- - Sunday, April 10, 2011


U.S. citizen among kidnapped bus passengers

MEXICO CITY | At least one U.S. citizen was among dozens of men reportedly forced off passenger buses by armed attackers in the northeastern border state of Tamaulipas, where 72 bodies were found in mass graves last week, U.S. officials said Sunday.

The man has yet to be located, said a warden’s message posted on the website of the U.S. Consulate in the city of Matamoros, across the border from Brownsville, Texas.

It is not unusual for people living or working in Mexican border states to have been born in the United States.

In a separate warden’s message issued Friday, the consulate warned that Mexican criminal gangs may be planning attacks “in the near future” against U.S. law enforcement or U.S. citizens in Tamaulipas, Nuevo Leon and San Luis Potosi, three northern states wracked by drug violence as cartels battle for territory.


Roadside bomb kills three tribal elders

KABUL | A roadside bomb killed three tribal elders in western Afghanistan on Sunday, possibly in retaliation for their cooperation with the government.

The men were driving to a meeting with villagers and other tribal elders to discuss what sort of projects the Afghan government and international donors should fund when their vehicle hit a roadside bomb, killing all of them, officials said.
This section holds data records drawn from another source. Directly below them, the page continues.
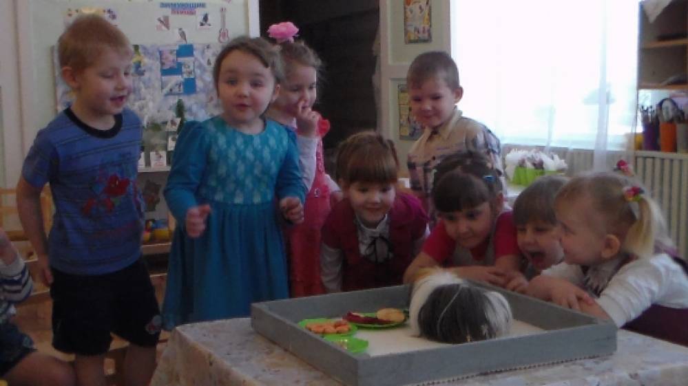 Цель: Расширять представления детей о декоративных животных. Закреплять умение детей наблюдать за морской свинкой, не мешая ей. Подводить детей к умению самостоятельно делать элементарные умозаключения о повадках животного. Формировать желание помогать взрослым ухаживать за животным.
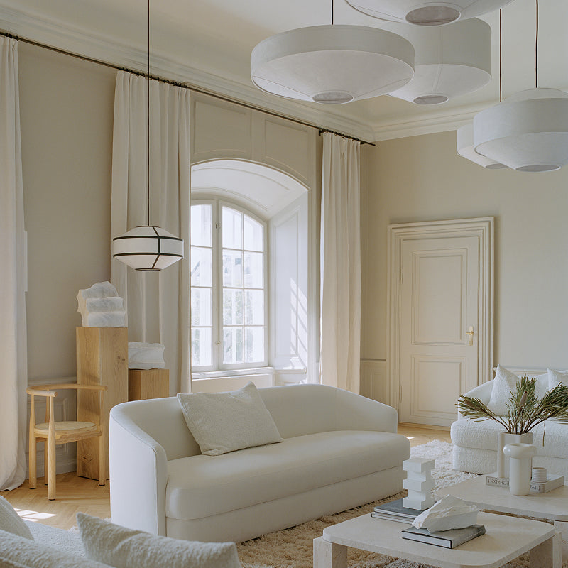 カイトはシンプルで幾何学的なフォルムと滑らかで質感のある素材が特徴のニュートラルなペンダントライトです。ランダムな繊維の表情を透過する柔らかな光は障子から漏れ出る日の光を思い起こさるもの。少しずつサイズやバランスを変え用意されたバリエーションは、多灯吊りすることで光の彫刻としての存在感も発揮します。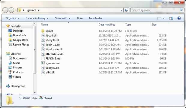 Dentro de la carpeta que usted encontrará varios archivos necesarios para el programa, aquí configurará su piscina así como afinar tu tarjeta de video para fines de explotación minera. Sin cualquier configuración iniciar el archivo sgminer.exe le presentará una ventana de comandos pide información de la piscina y el usuario. Porque este proceso es engorroso y tedioso hacemos un archivo por lotes sencillo para alimentar la información requerida para el minero y proporcionarle una forma sencilla de afinar la configuración rápidamente.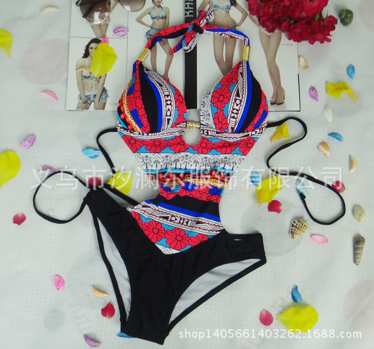 连体泳衣欧码外贸波西米亚独家爆款复古印花女士比基尼L0015#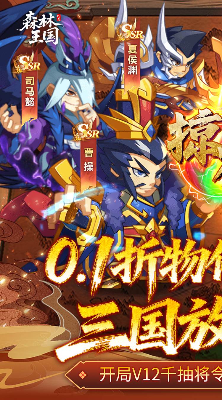 三国萌动,挂机封神!Q萌三国挂机卡牌《森林王国(0.1折日送三千免费版)》全新版本重磅来袭,以Q萌画风还原乱世三国,融合轻松护肝的放置挂机玩法,打破传统三国卡牌的肝度与氪金壁垒,0.1折福利拉满、豪礼不停歇,邀各位主公集结三国名将,奔赴热血又休闲的三国战场。在这里,登录即送特权V12,解锁超多便捷功能,开局直接躺赢;上线再领千抽名将令、千抽神魔令,抽卡嗨不停,轻松集齐三国名将、神魔强者;首充仅需小额投入,即可解锁五虎上将关羽,战力逆天、佛挡杀佛神挡杀神;放置挂机、护肝养肾,离线也能稳步发育,无需熬夜肝度,碎片时间就能称霸三国,主公们,快来三国世界尽情厮杀,书写属于你的萌系三国传奇!

One of the dead, Sayid Ahmad, was the head of the group of tribal elders who organized the meeting, said Abdul Basir Kherkywi, the head of Farah Province’s local council.


Police arrest dozens in unauthorized church

BEIJING | Police on Sunday detained dozens of worshippers from an unapproved Christian church who were trying to hold services in a public space, after they were evicted from their usual place of worship, a parishioner said.

Leaders of the unregistered Shouwang church had told members to gather at an open-air venue in Beijing for morning services, but police, apparently alerted to their plans, taped off the area and took away people who showed up to take part.

China’s communist government allows worship only in state-approved churches, but many Christians belong to unregistered congregations. Such “house churches” are subjected to varying degrees of harassment by authorities.

More than 60 million Christians are believed to worship in China’s independent churches, compared with about 20 million who worship in the state church, according to scholars and church activists.


Kurdish activist running in parliamentary elections

ANKARA | A Kurdish party said Sunday it will back former legislator Leyla Zana, who spent a decade in prison convicted of links to Kurdish rebels, in Turkey’s June 12 elections.

The Peace and Democracy party also announced its support for six Kurdish politicians who are in jail, charged with links to the rebels of the outlawed Kurdistan Workers’ Party.

The politicians will all run as independents to overcome a 10 percent electoral threshold that keeps smaller parties out of parliament. The jailed candidates would be released if elected, under Turkish laws.